Our research group focuses on physics and applications of nanomechanical devices. Activities in this lab include fabrication of resonant nanomechanical devices with frequencies in the very high and ultra-high frequency range, novel transduction and actuation schemes, study of noise processes that govern the frequency stability and the utility of these devices for various applications.


Fundamental research in NEMS 

Nanoelectromechanical systems (NEMS) offer an exciting platform to study the most fundamental dynamical phenomena in nature. We use these systems to study the nonlinear dynamics of the coupled modes of a nanomechanical resonator and synchronization between these modes. We have recently developed a technique that allows us to tune the coupling between various modes of the resonator. If the coupling is very weak, we can study synchronization, and if the coupling is substantial, we can study internal resonance between different modes. As we have precise control over the coupling, we can observe the system’s behavior during the transition from weakly coupled to strongly coupled regimes. 



Integration of mechanical elements on a silicon photonic chip introduces additional functionality, with applications in fundamental research as well as in sensing, signal processing, and communication. We develop on-chip optomechanical systems in this platform using silicon as well as 2D materials and study interactions between optical and mechanical resonators. In these systems, we develop sensitive motion-readout mechanisms and evaluate external stimuli sensitivity for applications as sensors. We are exploring on-chip optical transduction schemes in these systems as they offer higher sensitivity and signal-to-noise ratio than the conventional electrical transduction schemes used in MEMS/NEMS devices. We are looking at ways to explore quantum phenomena in optomechanical systems. 

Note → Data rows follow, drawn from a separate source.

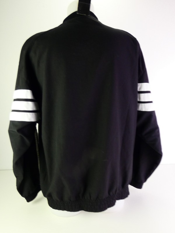 Stijlvol vintage trainingsjack van ADIDAS in klassiek zwart, afgewerkt met de iconische drie witte strepen langs de mouwen en een geborduurd logo op de borst. Het jack heeft een ritssluiting aan de voorkant (modelnummer 3828), praktische steekzakken met metalen Adidas-ritstrekker en elastische boorden aan mouwen en zoom voor een comfortabele pasvorm.
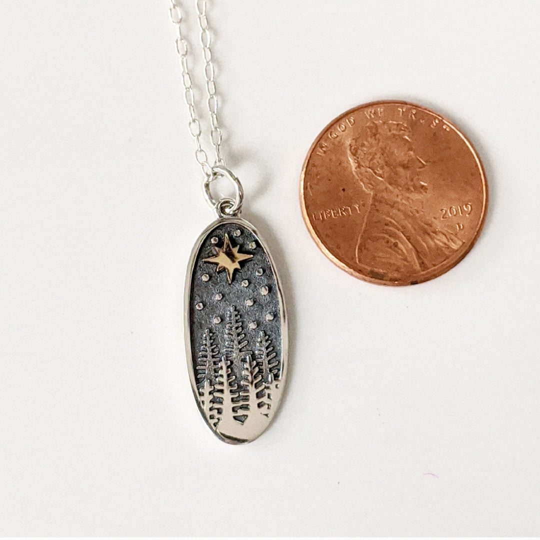 Sterling silver pendant with beautiful trees and a bronze star hanging from a sterling silver chain.
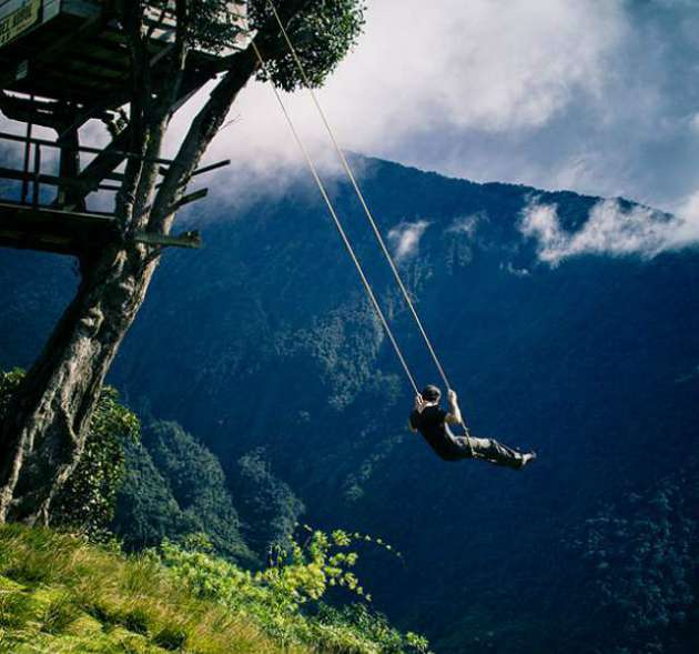 Ekvador’da bir uçurumun kenarın yapılmış olan salıncakla heyecan verici deneyimler yaşanıyor. Herhangi bir güvenlik önlemi alınmadan yapılan bu salıncakla sallanan insanlar, dünyanın sonuna doğru sallandıklarını söylüyorlar. Turistik amaçla yapılan bu salıncağa ulaşmak için deprem araştırmaları için kullanılan La Casa del Árbol istasyonuna kadar yürümeniz gerekiyor. İşte size bu heyecan verici deneyimi yaşayan insanlardan bazı kareler:
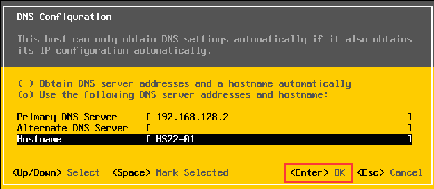 5) 选择“DNS Configuration”,按“回车”进入DNS和主机名的配置界面(若无DNS或域控服务器,第五、六步可以不配置)
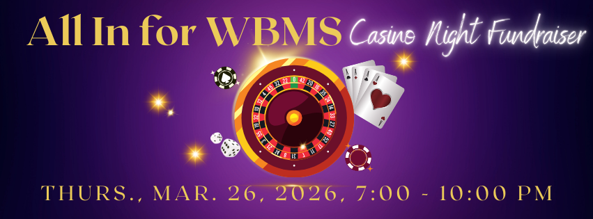 Join us for our third annual Casino Night Fundraiser “All in for WBMS!” on Thursday, March 26, 7:00 – 10:00 PM at Catharine Clark Gallery. Join us for an evening of games, giving, and great company—all in support of our Warriors. Try your luck, enjoy delicious bites, and help make a difference! This year, we’re raising funds to support our new Outdoor Education field trips so ALL students can attend.

These nanomechanical devices on account of their minute size are extremely sensitive to the changes in their properties. These devices have been used for various applications from pressure sensing to mass spectrometry. The current state-of-the-art top down fabricated devices are limited to experimental mass resolutions of about 100kDa. These resolutions have led to some promising results in the area of neutral mass spectrometry and virus capsid studies with analyte masses in the range of MDa. However, a large fraction of the protein masses is below 100kDa and it is crucial that the resolution be below a single Dalton for proteomics applications. This would require fabricating devices with smaller dimensions and consequently, resonant frequencies in 100MHz to GHz range. However, for these smaller and stiffer devices the displacement amplitudes are typically smaller and can be less than picometers. The electrical transduction schemes that are efficient at large scales fail due to issues related to impedance mismatch, parasitic capacitance and poor bandwidth. Furthermore, since the overall dimension of the device is small, the capture cross section of detection is extremely low. Scaling up the electrical transduction scheme would require complex interconnects.

Our group is exploring optical and other transduction schemes that might result in better displacement sensitivities and larger bandwidth, both of which are critical for sensing applications. One of the schemes being explored is to leverage advances in Silicon photonics to integrate on-chip optics with nanomechanical devices. Optical displacement sensitives have been experimentally demonstrated to be in the range of , have large bandwidths and have signals have minimal background. They are also exploring the use of graphene and other 2D materials to transduce motion of mechanical resonators fabricated using conventional materials such as silicon nitride.

Some the applications being pursued are pressure sensors based on 2D materials, gas sensing and switching using nanomechanical bifurcation amplifier.


We explore the piezoelectric properties of 2D materials for applications in sensors and piezotronic devices. To this end, we fabricate and characterize 2D material-based devices. We have proposed a new technique to quantitatively measure the in-plane piezoelectric coupling for 2D materials using lateral PFM (Piezo Force Microscopy). Also, we devise methods to fabricate the piezotronic devices on flexible substrates such as PET and Kapton. Through this work, we aim to contribute to developing a new generation of interactive electronic devices. 



Atomic Force Microscopy

The invention of Scanning Probe Microscopy techniques has opened the doors to the nanoworld. We have been using Atomic ForceMicroscopy (AFM) for different nanomechanical studies. We use force spectroscopy in AFM to study the mechanics of ultrathin suspended membranes. We explore the fundamental nature of tip-sample interaction for different materials in dynamic AFM to understand the coupling between the oscillating tip and sample effectively. We have also explored capillary condensation that can occur in AFM imaging of confined structures like nanopores. Currently, we are investigating graphene-liquid interface through nanomechanical probing with dynamic AFM. Our goal in this study is to gain insights into the fundamental nature of forces at the graphene-liquid interface.